Kuasa Hukum BUMD Riau PT PIR Topan Meiza Romadhon SH MH saat dikonfirmasi perihal tersebut membantah. Kata dia, aset PT Riau Power bukan disita oleh vendor, namun diduga diperjualbelikan oleh kuasa hukum eks karyawan PT Riau Power Satu.
PT Riau Power Satu merupakan perusahaan yang didirikan PT Riau Power bersama konsorsium PT ZUG Industry Indonesia. Perusahaan ini bergerak di bidang pembangkit, distribusi, listrik dan energi.
"Jadi PT PIR ini memiliki anak perusahaan bernama PT Riau Power. Kemudian pada tahun 2012 PT Riau Power bersama konsorsium PT ZUG Industry Indonesia mendirikan PT Riau Power Satu yang menjalankan usahanya di bidang PLTU,"

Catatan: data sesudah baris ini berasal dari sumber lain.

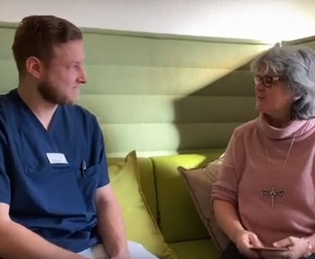 Anke Recktenwald (Tellington TTouch Instruktorin aus Deutschland) fürht ein Interview mit einem Mitarbeiter eines Hospizes.
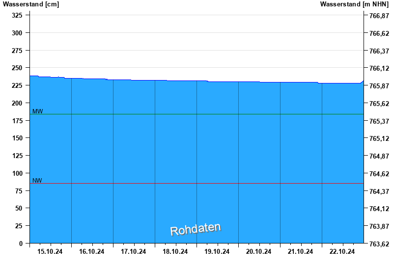 Störung wegen Stromversorgungsprobleme. Der Wasserstand wird durch starke Kiesumlagerungen beeinflusst. Der hier gezeigte Abfluss kann entsprechend stark vom tatsächlichen Abfluss abweichen.
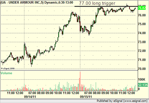 With each stock’s recap, we will include a (with market support) or (without market support) tag, designating whether the trade triggered with or without market directional support at the time. Anything in the first five minutes will be considered WITHOUT market support because market direction cannot be determined that early.
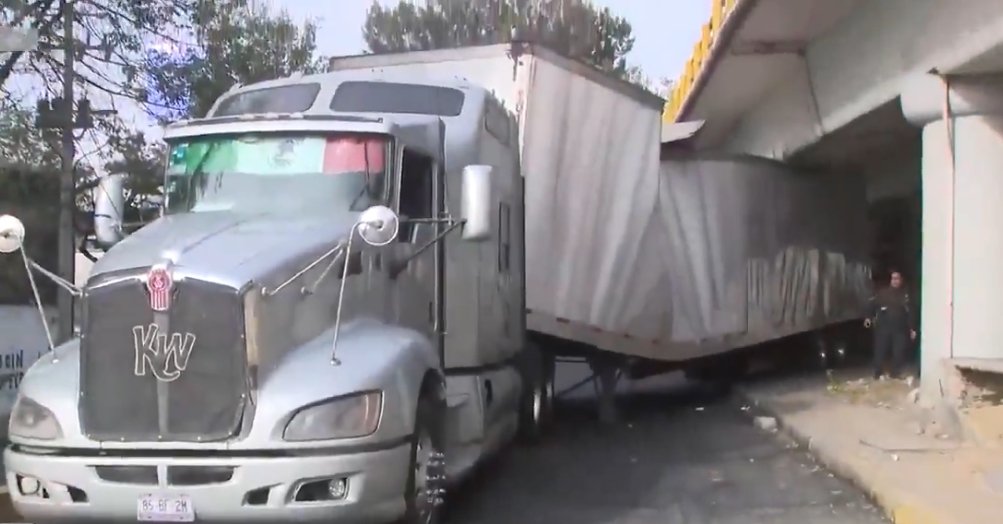 Muy temprano este martes un tráiler cargado con 26 toneladas de bebidas quedó atorado en un bajo puente ubicado en la avenida Rio Churubusco y Eje 3 Oriente en la Ciudad de México.
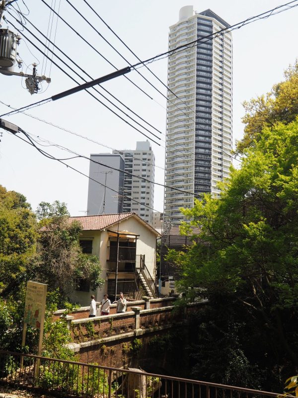 少し歩くと、明治30年ごろに架けられた国指定重要文化財である砂子橋が現れます。この橋は導水管を渡す水路橋で、現在も機能しているそうです。奥にはジークレフ新神戸タワーが建っており、以前からの風景が変わっていないことがわかります。
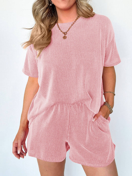 Wholesalesir - Striped Round Neck Top And Shorts Two-Piece Set
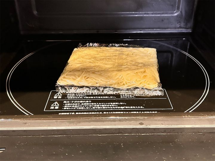 7. 焼きそば用の麺を、袋のまま電子レンジ600Wで2分ほど加熱します。
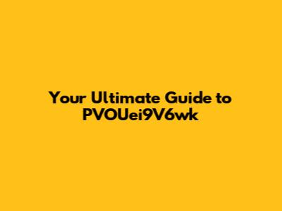 Hey guys, let's dive into something super cool and potentially a game-changer for you: PVOUei9V6wk! You might be scratching your head wondering what on earth this string of characters even means. Well, stick around, because by the end of this article, you'll be an expert, or at least have a much clearer picture of its significance. We're going to break down PVOUei9V6wk into bite-sized, easy-to-understand pieces. Whether you're a seasoned pro or just dipping your toes into the digital ocean, this guide is for you. We’ll cover everything from what it is, why it matters, and how you might encounter it in your daily digital life. Think of this as your VIP pass to understanding PVOUei9V6wk without all the confusing jargon. Let’s get this party started and demystify this whole PVOUei9V6wk thing together!
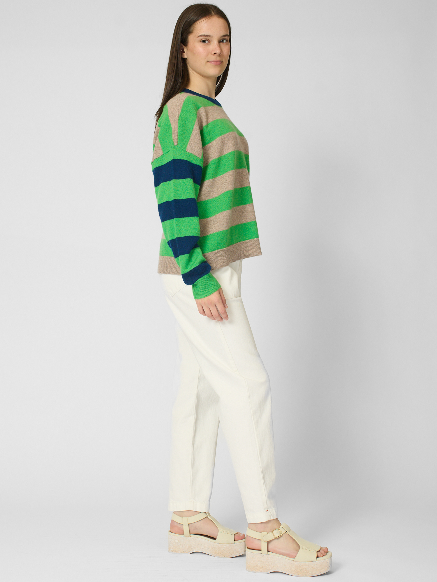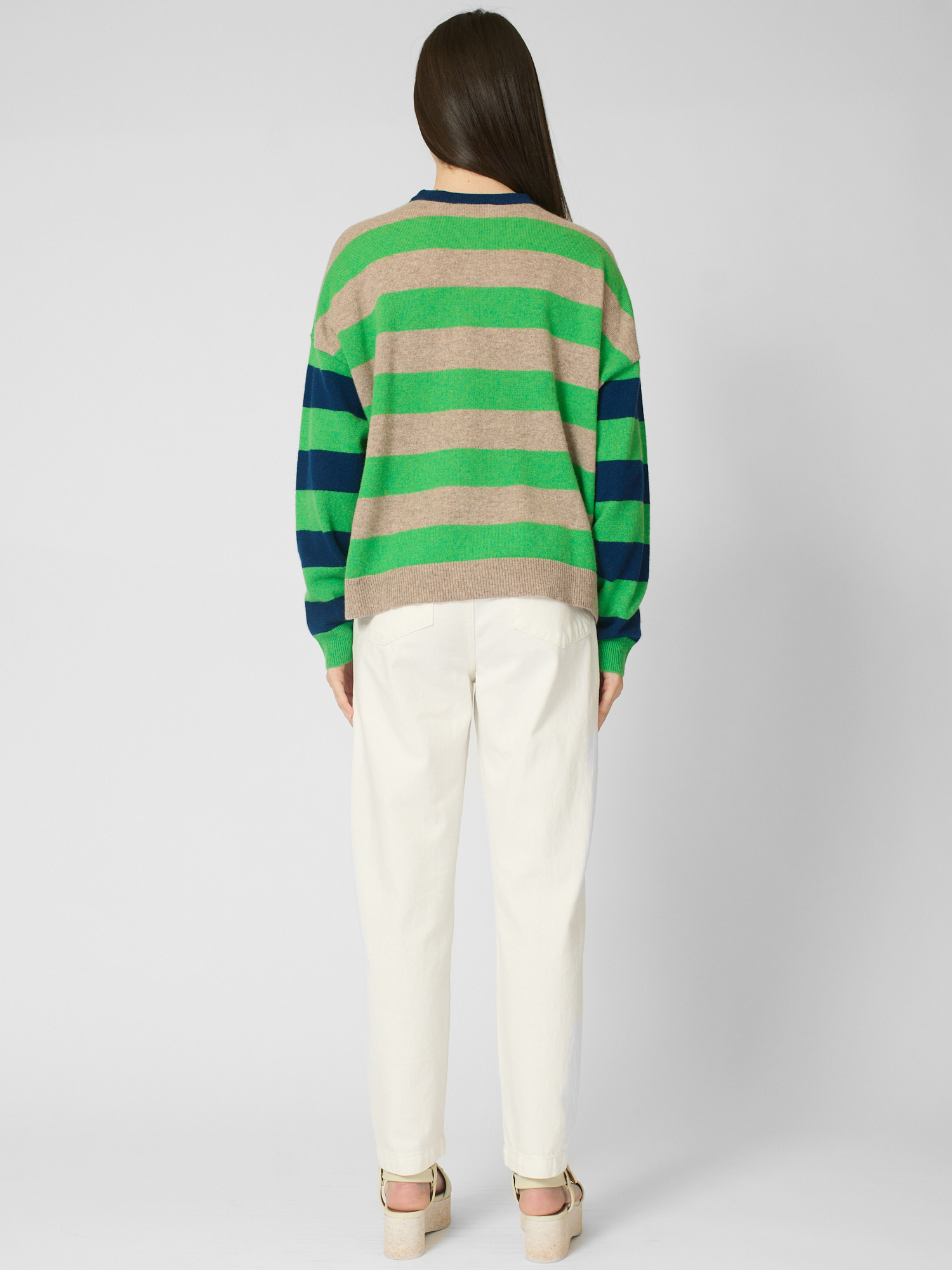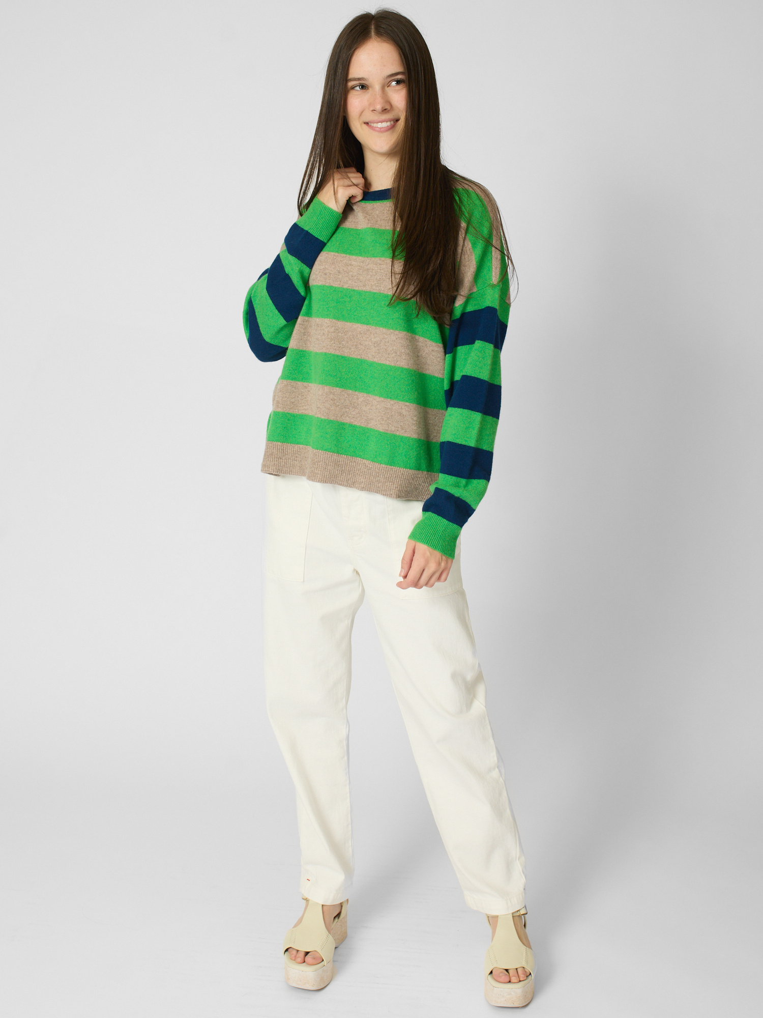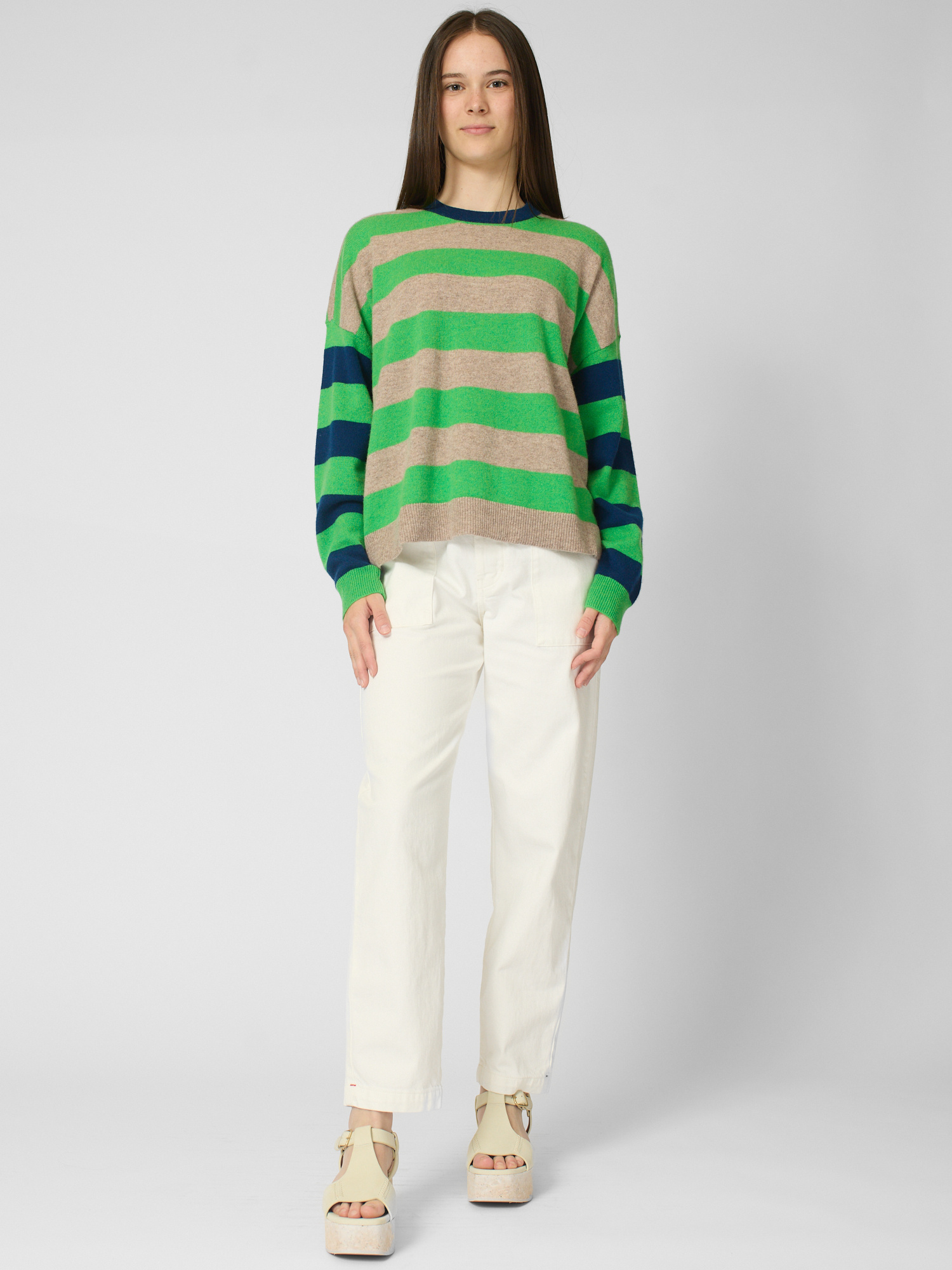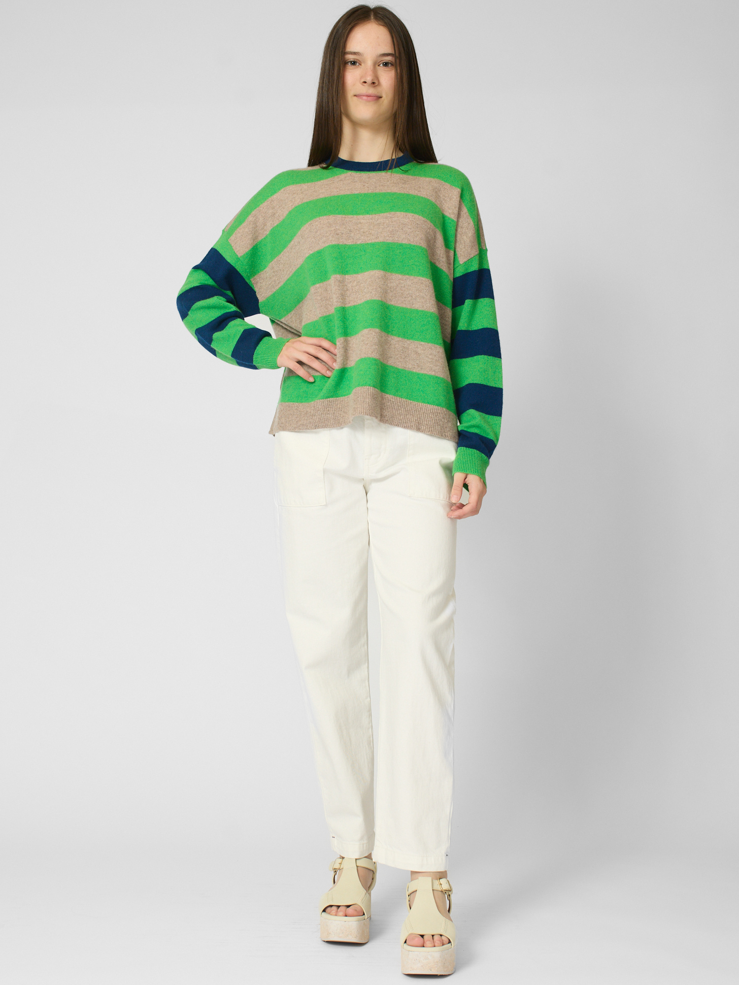 Ultra-soft striped cashmere crewneck sweater features contrast color trim at the neck, contrast striped sleeves
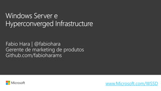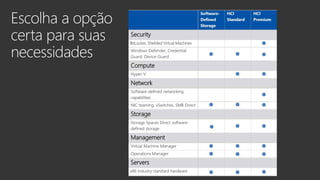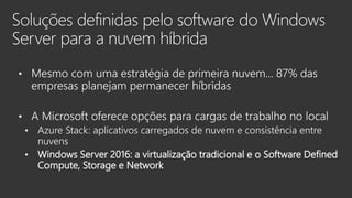 O documento discute as ofertas da Microsoft para virtualização e computação definida por software, incluindo o Windows Server 2016, Azure Stack e Soluções definidas por software do Windows Server. Essas soluções permitem desenvolvimento ágil, eficiência operacional, recursos on-demand e escalabilidade independente de computação e armazenamento.
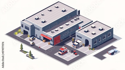 Flat illustration of an urban warehouse with a focus on industrial elements and edgy accents, symbolizing industrial interiors and urban style, with space for text
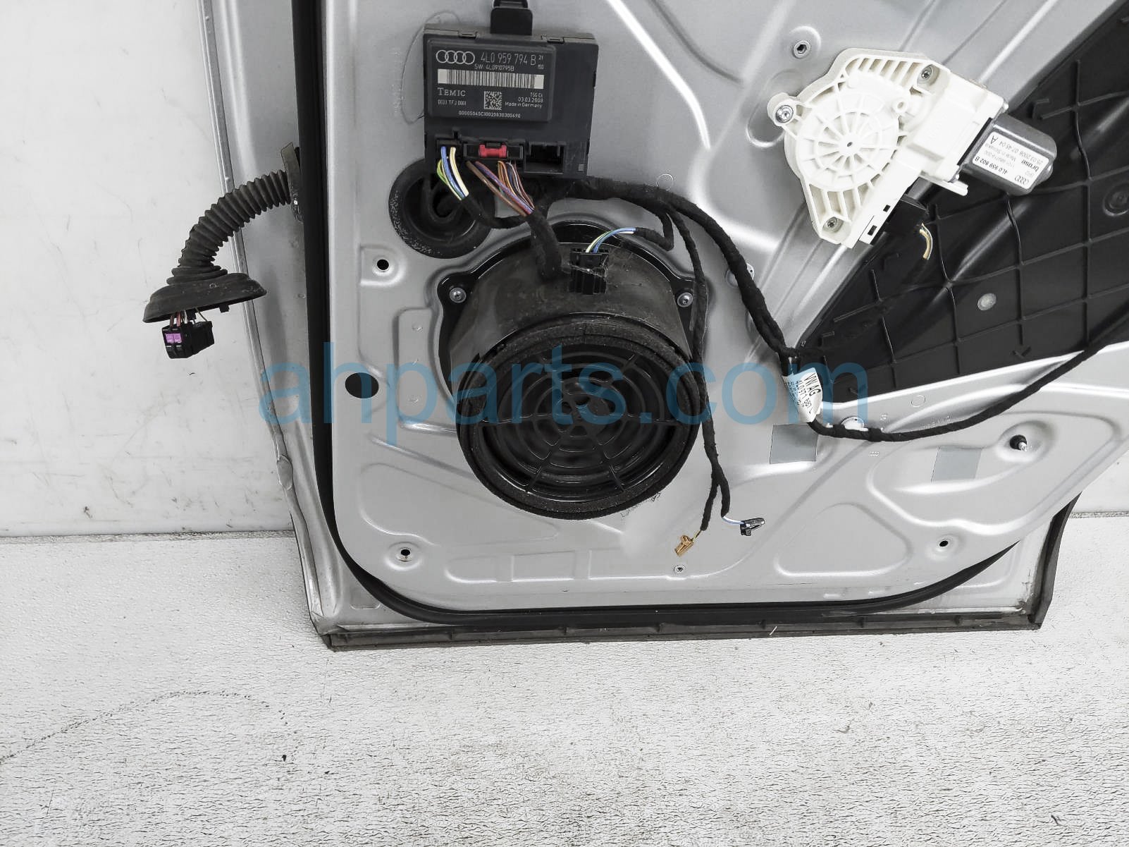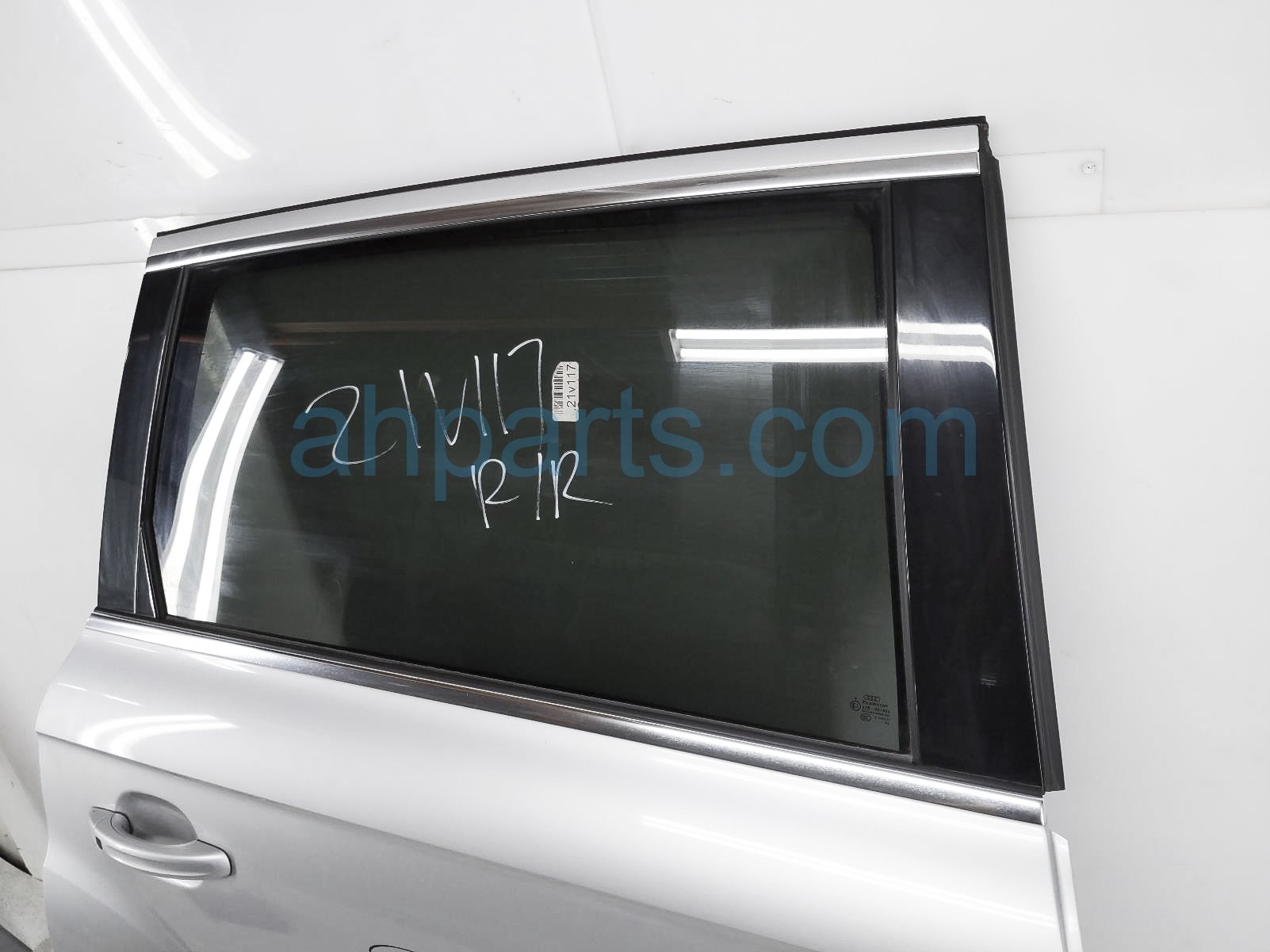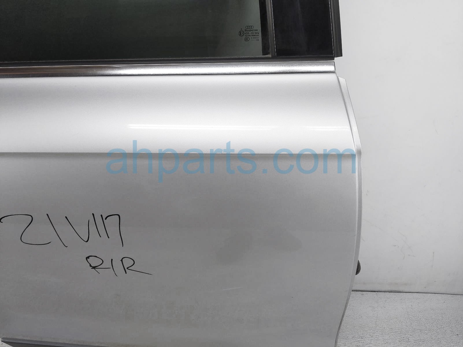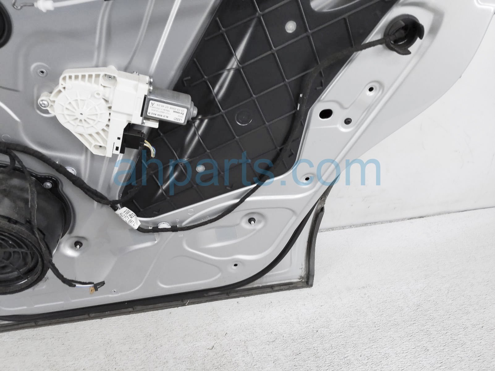 2008 Audi Q7 Audi rear passenger door - silver - no inside trim is a used item with a 1 year warranty. This OEM replacement rear passenger door - silver - no inside trim is genuine and has part numbers 4L0833052. This Audi part sells for $275.

kata Topan, Senin (29/04/2024).
Topan mengatakan, saat menjalankan bisnis di bidang PLTU tersebut, BUMD PT PIR menggelontorkan modal sebesar Rp90.800.000.000 ke PT Riau Power Satu.
"Total limit fasilitas investasi yang dibenamkan Pemerintah melalui BUMD PT PIR di anak perusahaan tersebut saat itu sebesar Rp90.800.000.000 (sembilan puluh miliar delapan ratus juta rupiah) menggunakan berbagai pihak dan instrumen investasi," sebutnya.
Namun, kata Topan, dalam perjalanannya, usaha bisnis yang dijalankan oleh PT Riau Power Satu tidak berjalan dengan baik, sehingga menyebabkan operasional perusahaan harus dihentikan pada tahun 2018 dan menimbulkan permasalahan hukum, yakni sengketa ketenagakerjaan yang bermuara pada gugatan Perselisihan Hubungi Industrial (PHI) di Pengadilan Negeri Pekanbaru.
"Itu berdasar putusan Mahkamah Agung telah menetapkan hak para eks karyawan PT Riau Power Satu senilai Rp4.108.132.100 (empat miliar seratus delapan juta seratus tiga puluh dua ribu seratus rupiah). Produk hukum yang telah berkekuatan hukum tetap tersebut saat itu diajukan permohonan eksekusi oleh Pengacara Aidil Fitsen SH dan Marlini SH (selaku kuasa hukum eks karyawan), dan telah mendapat penetapan Sita Eksekusi dengan Penetapan Nomor 35/Pen.PHI/Aanm.Eks-Pts/2022/PN.Pbr dan Penetapan Nomor 36/Pen.PHI/Aanm.Eks-Pts/2022/PN.Pbr," terangnya.
Hanya saja, sebut Topan, salah satu poin pokok dalam penetapan yang telah terbit dan tertuang di dalam berita acara penyitaan eksekusi (Executorial Beslag) tanggal 8 Maret 2023, objek yang telah diletakkan sita eksekusi yang sifatnya mengalihkan hak atau memindahtangankan kepada pihak lain sampai dengan pelaksanaan eksekusi lelang, apabila larangan tersebut dilanggar maka dikenakan sanksi pidana.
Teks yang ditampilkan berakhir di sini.